所以,這衣箱里原本放的難道就是這兩本書?喬苒覺得看大小契合程度倒是極有可能。只是兩本書就這么放下去,平面的大小寬度是契合了,可這深度之上卻委實還空出了不少,似是不止這兩本書。
那這屋子里還有書嗎?
有的。
喬苒再次走到了出事時張夫人昏厥的貴妃榻旁,貴妃榻下張夫人的血泊里浸著一本書,一本早已被血污染透的書。
喬苒蹲了下來,呆在血泊邊有些猶豫。倒不是喜凈怕弄臟手云云的,她是喜凈不假,卻還不至于如此分不清輕重。
只是眼下這座屋子,這個出事現場她還有些摸不著頭腦,怕自己隨意亂動而破壞了她此時仍未注意到的證據。
不過雖是在猶豫要不要將那本被血污染透的書撿起來,喬苒同時卻也在認真的觀察著面前這本落在血泊里的書。
她趴在地上看了眼那本書的厚度:不厚還挺薄的。
看了片刻之后,喬苒起身,順手拍了拍身上的灰塵,待拍完灰塵之后又走到另一扇窗旁的衣箱邊蹲了下來。
正幫封仵作遞刀的柳傳洲人雖在封仵作身邊蹲著,可目光卻不由自主的跟著她動了起來。
喬大人在干什么呢?這一會會兒的功夫一直在走來走去。
“喂喂喂,你在做什么?”發現有人如此不專注,封仵作趁著驗尸的間隙,抬頭瞪了他一眼,“三號刀!”
柳傳洲慌忙“哦”了兩聲,將三號刀拿出來交給封仵作。
封仵作接過刀冷哼了一聲,:“瞧你雖然生的膽小了點,勇氣卻是不小。
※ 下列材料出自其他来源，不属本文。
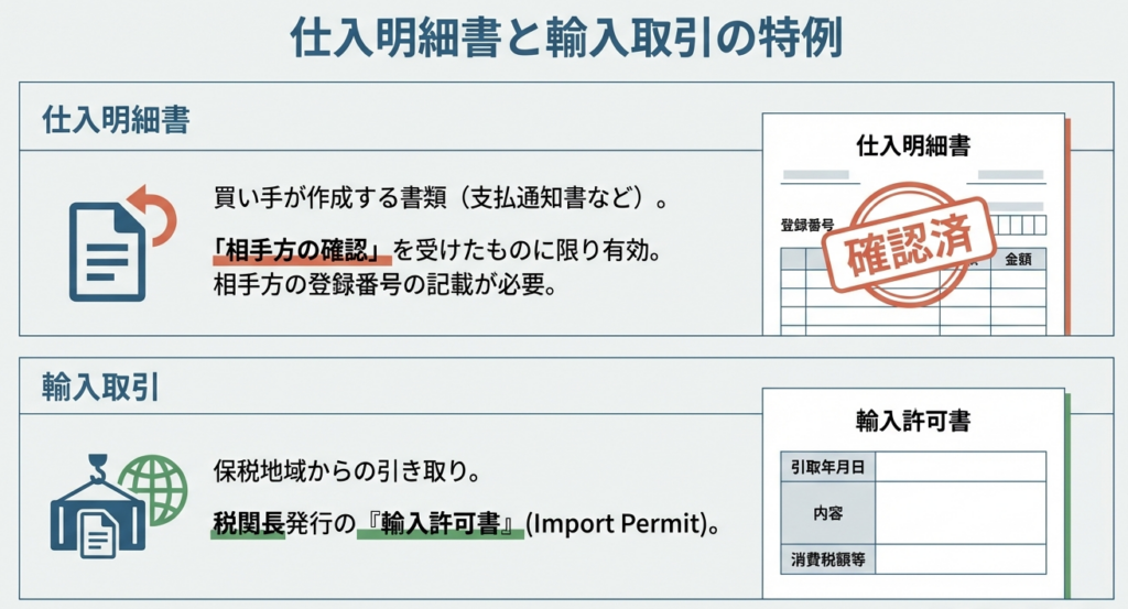 この2つの要件は、原則としてセットで求められます。どちらか一方だけでは、仕入税額控除は認められません。

看什么看?人家可是張天師的人,仔細被張天師知道了背后畫個鬼畫符詛咒你!”
柳傳洲聽的嚇了一跳,忙辯解道:“不是,我,我……”
“你什么你啊!”封仵作翻了個白眼,“喬大人才多大,你瞧著也三十好幾的人了,若是成親早都足夠做她爹了!莫看了啊!”
這一聲“做她爹”成功的讓一旁專注看著物證的喬苒也不由一頓,這委實……委實是……實在叫人難以接受。
柳傳洲也嚇了一跳,磕磕巴巴的解釋著:“我還沒當爹呢!”
“那也應該有了,你成親了么?可有妻有子?”封仵作問柳傳洲。
柳傳洲點頭,道:“有的,家里訂的,成親快十年了,關系不好也不壞,素日里總是我做我的事,她做她的事。”
“哦,父母之命,媒妁之言?”封仵作一邊手里不慢,一邊“盡職”的同柳傳洲閑聊。
“是啊!”柳傳洲回道。
“你這種父母之命的同喬大人和張天師那等自己看上的各有各的好。”封仵作隨口道了一句,忽地“咦”了一聲,抬起頭來問他,“你成親十年怎么還沒當爹?你不行?”
柳傳洲:“……”總覺得這封仵作跟族里那些過年飯桌上關心的長輩一般令人可怕呢!
“不是,我應當沒問題。”柳傳洲忙紅著臉否認。
“是嗎?”封仵作瞥了他一眼,眼神卻一點也不像相信的樣子,懶懶的道了一句,“你說沒問題便沒問題吧,那你那夫人有問題?”